Defines functions download_wid

Documented in download_wid

#' @title Download data from WID.world
#'
#' @author Thomas Blanchet
#'
#' @description Downloads data from the World Wealth and Income Database
#' (\url{http://WID.world}) into a \code{data.frame}.
#' Type \code{vignette("wid-demo")} for a detailed presentation.
#'
#' @param indicators List of six-letter strings, or \code{"all"}:
#' code names of the indicators in the database. Default is \code{"all"} for all
#' indicators. See 'Details' for more.
#' @param areas List of strings, or \code{"all"}: area code names of the
#' database. \code{"XX"} for countries/regions, \code{"XX-YY"} for subregions.

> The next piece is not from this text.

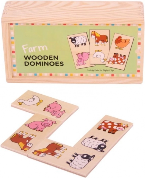 Het kleurrijke houten domino met boerderijthema van Bigjigs Toys is ideaal voor kleine kinderhandjes. Biedt tijdloos speelplezier en stimuleert behendigheid, vergelijken en concentratie. Alle steentjes berg je gemakkelijk op in een houten doosje met schuifdeksel. Bevat 28 steentjes gemaakt van hoogwaardig, verantwoord verkregen hout dat voldoet aan de Europese veiligheidsnormen.
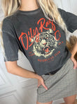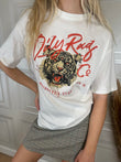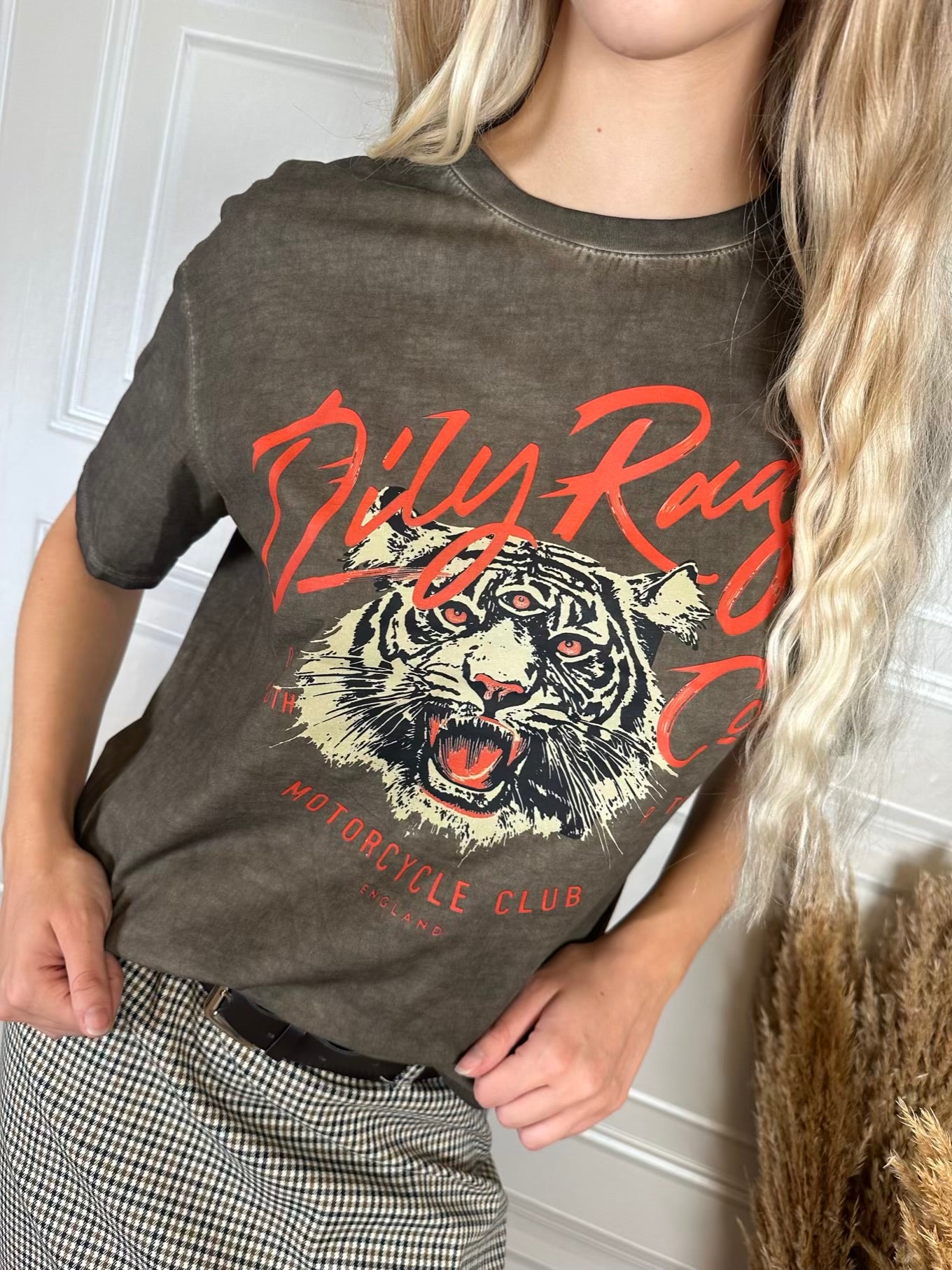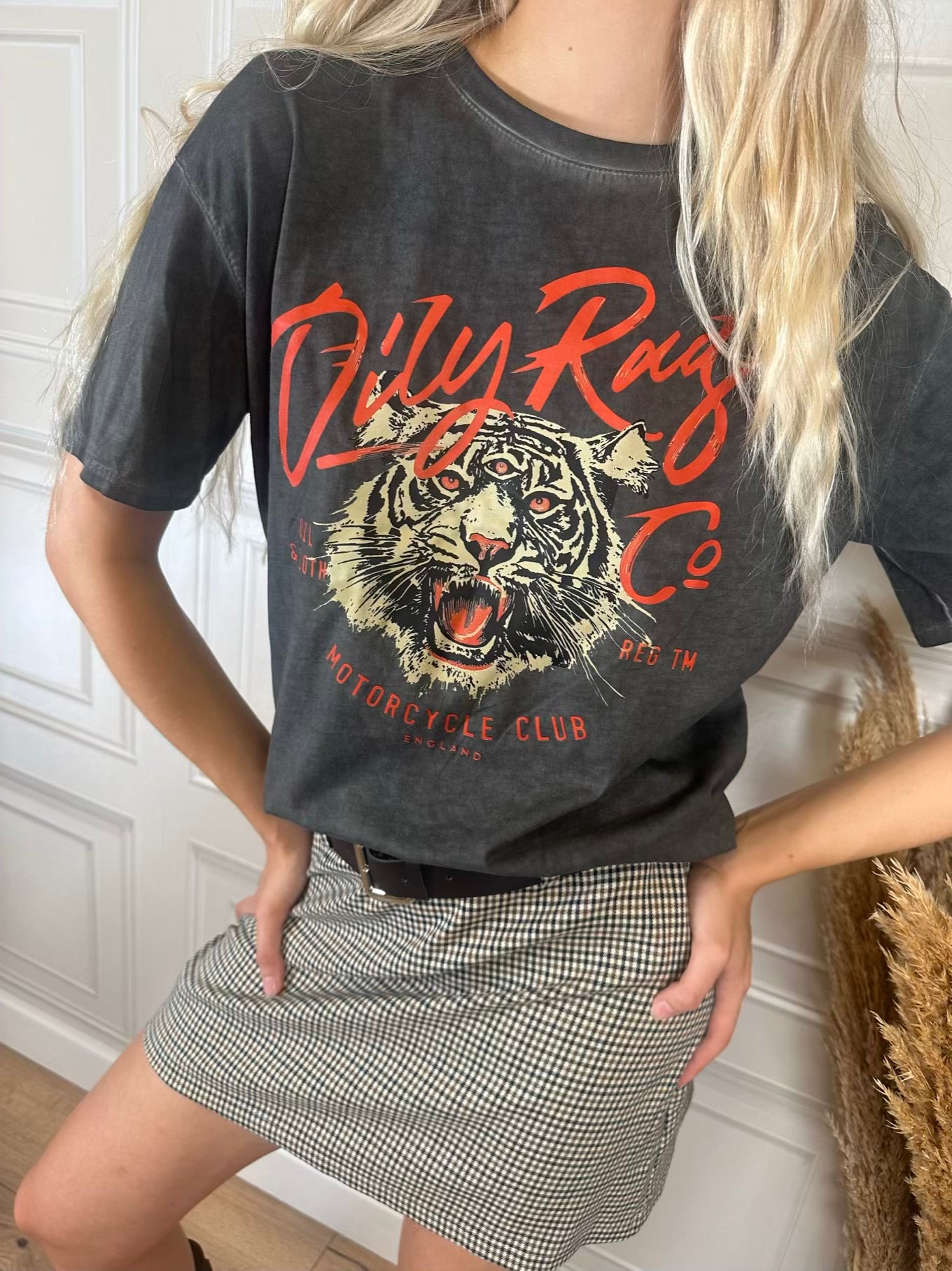 T-shirt girocollo in cotone con stampa. Taglia unica, modello oversize con spalla scesa.

#' Default is \code{"all"} for all areas. See 'Details' for more.
#' @param perc List of strings, or \code{"all"}: percentiles take the form
#' \code{"pXX"} or \code{"pXXpYY"}. Default is \code{"all"} for all percentiles.
#' See 'Details' for more.
#' @param years Numerical vector, or \code{"all"}: years to retrieve.
#' Default is \code{"all"} for all years.
#' @param ages Numerical vector, or \code{"all"}: age category codes in the
#' database. 999 for all ages, 992 for adults. Default is \code{"all"} for all
#' age categories. See 'Details' for more.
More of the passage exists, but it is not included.